**Work request:** In the listing below, find the line with "一群武术小羊亮相广州国际体育演艺中心,为亚运男篮比赛中韩之战暖场。" and copy every line from there up to and including the line with "A majestic golden", exactly and without pictures.

**Material provided:**
____________________
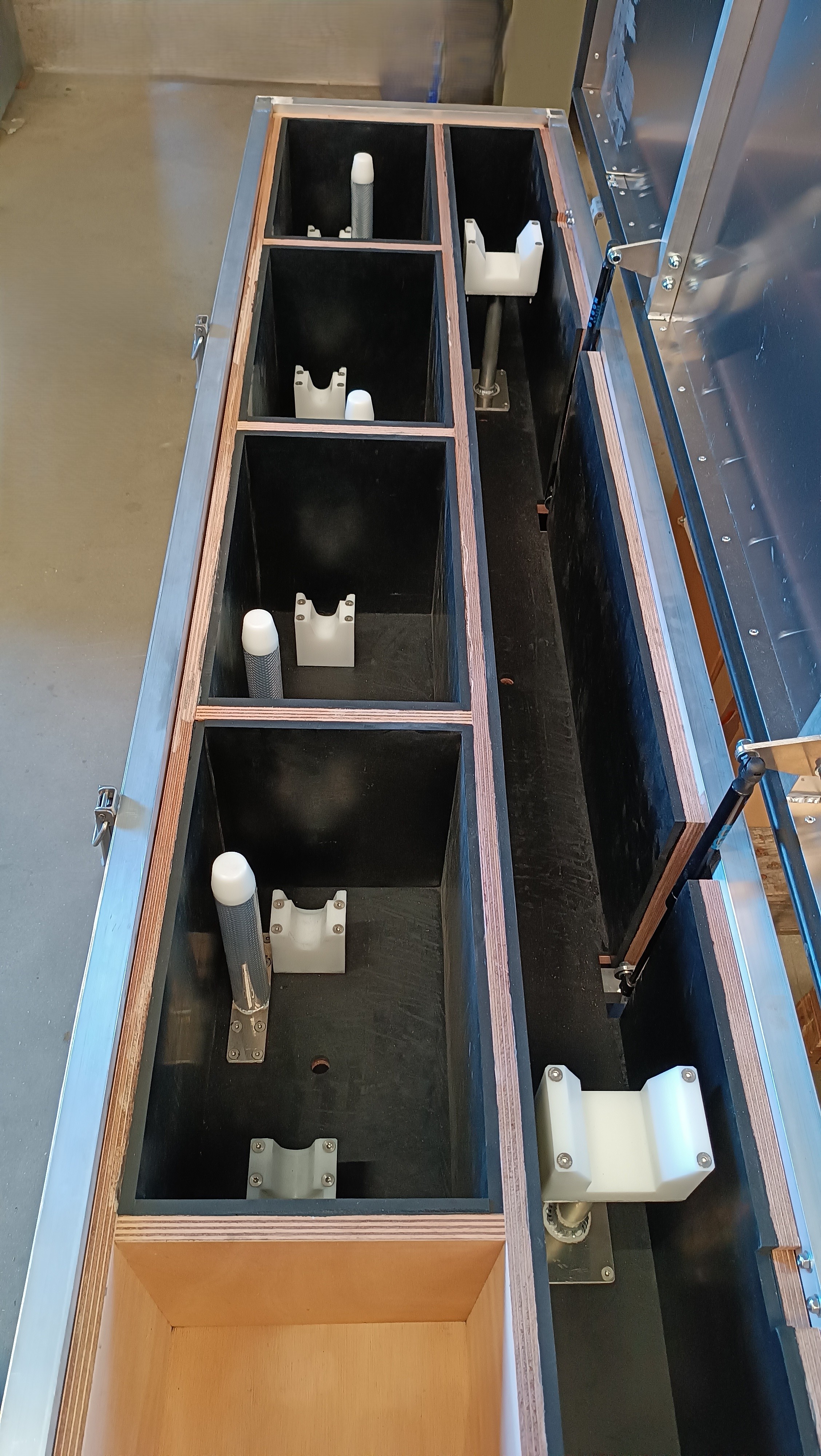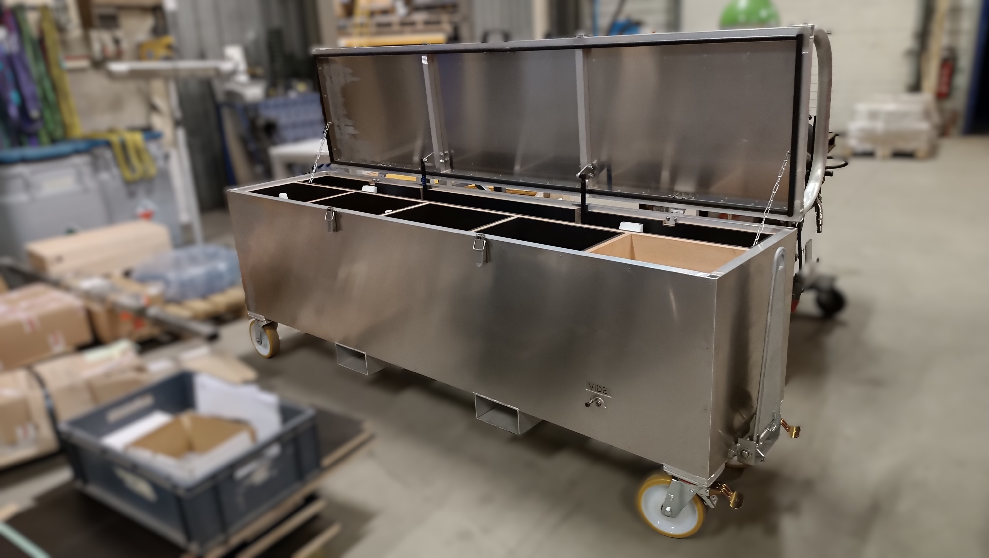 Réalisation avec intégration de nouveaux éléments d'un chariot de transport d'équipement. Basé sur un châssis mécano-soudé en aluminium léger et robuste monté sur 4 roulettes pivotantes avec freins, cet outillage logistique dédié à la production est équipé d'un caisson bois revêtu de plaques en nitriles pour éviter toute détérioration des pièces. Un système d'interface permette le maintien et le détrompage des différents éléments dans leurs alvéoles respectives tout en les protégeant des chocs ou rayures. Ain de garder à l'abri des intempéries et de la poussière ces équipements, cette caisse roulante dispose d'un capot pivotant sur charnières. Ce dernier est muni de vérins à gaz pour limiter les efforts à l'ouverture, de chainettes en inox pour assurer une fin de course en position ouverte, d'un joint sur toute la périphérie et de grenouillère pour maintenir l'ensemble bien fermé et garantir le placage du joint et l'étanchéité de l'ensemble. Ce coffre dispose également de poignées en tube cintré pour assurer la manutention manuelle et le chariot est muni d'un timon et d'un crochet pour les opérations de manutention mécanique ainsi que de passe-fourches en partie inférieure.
____________________
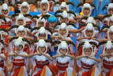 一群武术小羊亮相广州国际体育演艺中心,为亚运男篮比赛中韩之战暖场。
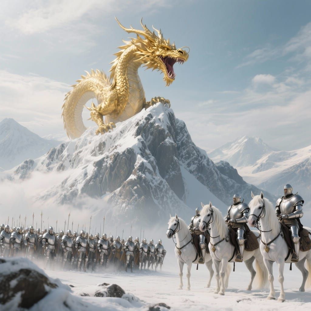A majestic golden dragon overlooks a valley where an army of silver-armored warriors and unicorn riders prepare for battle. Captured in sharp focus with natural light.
____________________
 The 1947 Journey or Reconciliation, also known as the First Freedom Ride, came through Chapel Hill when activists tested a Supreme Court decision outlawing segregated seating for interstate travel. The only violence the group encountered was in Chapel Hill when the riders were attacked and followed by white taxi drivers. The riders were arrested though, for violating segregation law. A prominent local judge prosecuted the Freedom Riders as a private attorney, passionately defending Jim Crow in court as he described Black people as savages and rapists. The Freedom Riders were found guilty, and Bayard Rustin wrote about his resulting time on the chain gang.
____________________
**Worked solution:**
 一群武术小羊亮相广州国际体育演艺中心,为亚运男篮比赛中韩之战暖场。
A majestic golden dragon overlooks a valley where an army of silver-armored warriors and unicorn riders prepare for battle. Captured in sharp focus with natural light.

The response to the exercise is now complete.